- WORK REQUIRED: Locate the line containing "Начиная с конца" in the material below. Copy that line and all following lines through the end exactly, omitting any pictures.

- WORKING DATA:
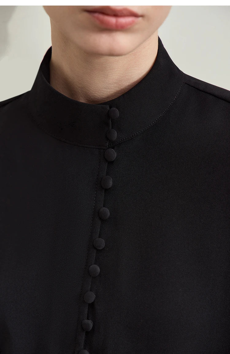 Amii Minimalism 2024 Women Blouse Autumn New Retro Fashion Stand Collar Casual Basic Chiffon Shirt Long Sleeve Top Lady 12443185
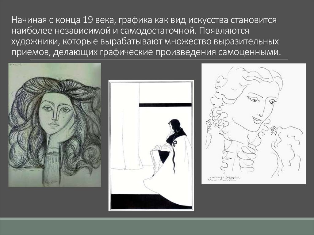 Начиная с конца 19 века, графика как вид искусства становитсянаиболее независимой и самодостаточной. Появляются
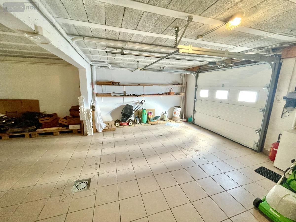 Grand garage carrelé avec porte sectionnelle motorisée
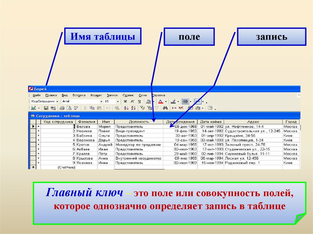 Основной элемент БД – таблицаКаждая таблица должна иметь своё имя.
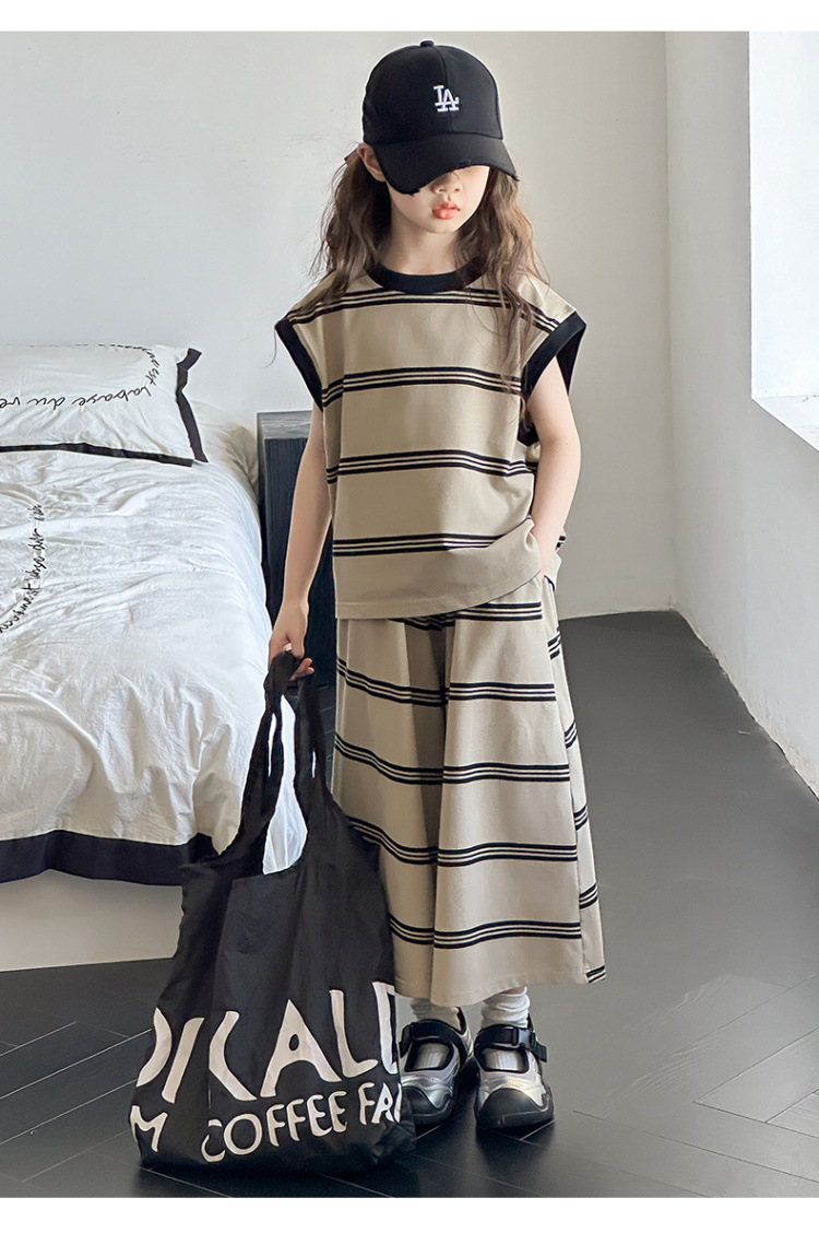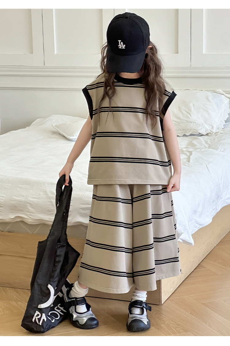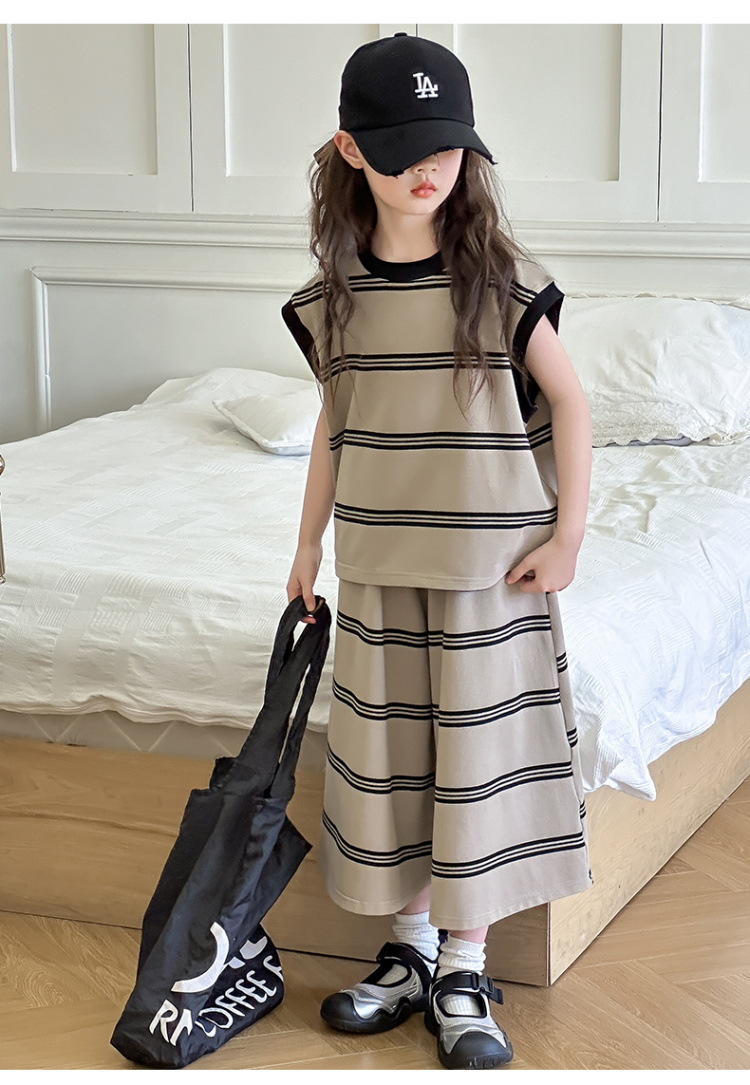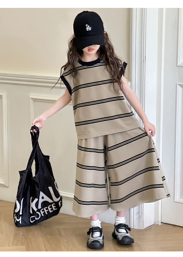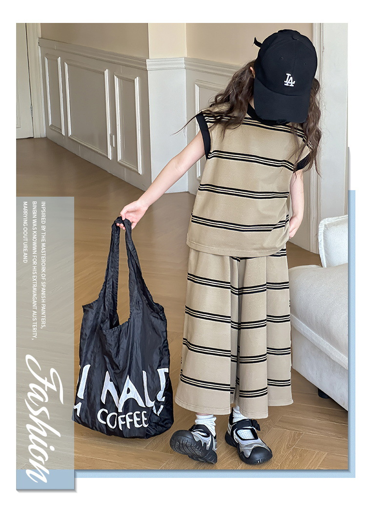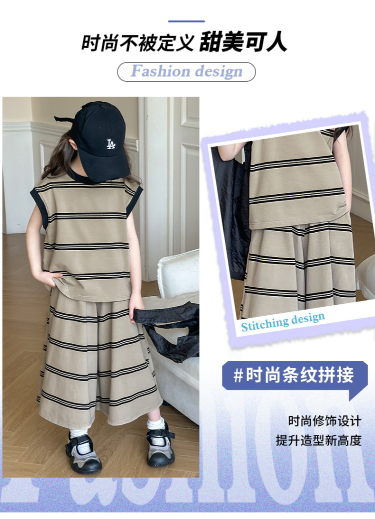 女童夏季套装2024新款儿童时髦洋气夏装大童无袖背心阔腿裤两件套

- FINISHED TASK:
 Начиная с конца 19 века, графика как вид искусства становитсянаиболее независимой и самодостаточной. Появляются
 Grand garage carrelé avec porte sectionnelle motorisée
 Основной элемент БД – таблицаКаждая таблица должна иметь своё имя.
 女童夏季套装2024新款儿童时髦洋气夏装大童无袖背心阔腿裤两件套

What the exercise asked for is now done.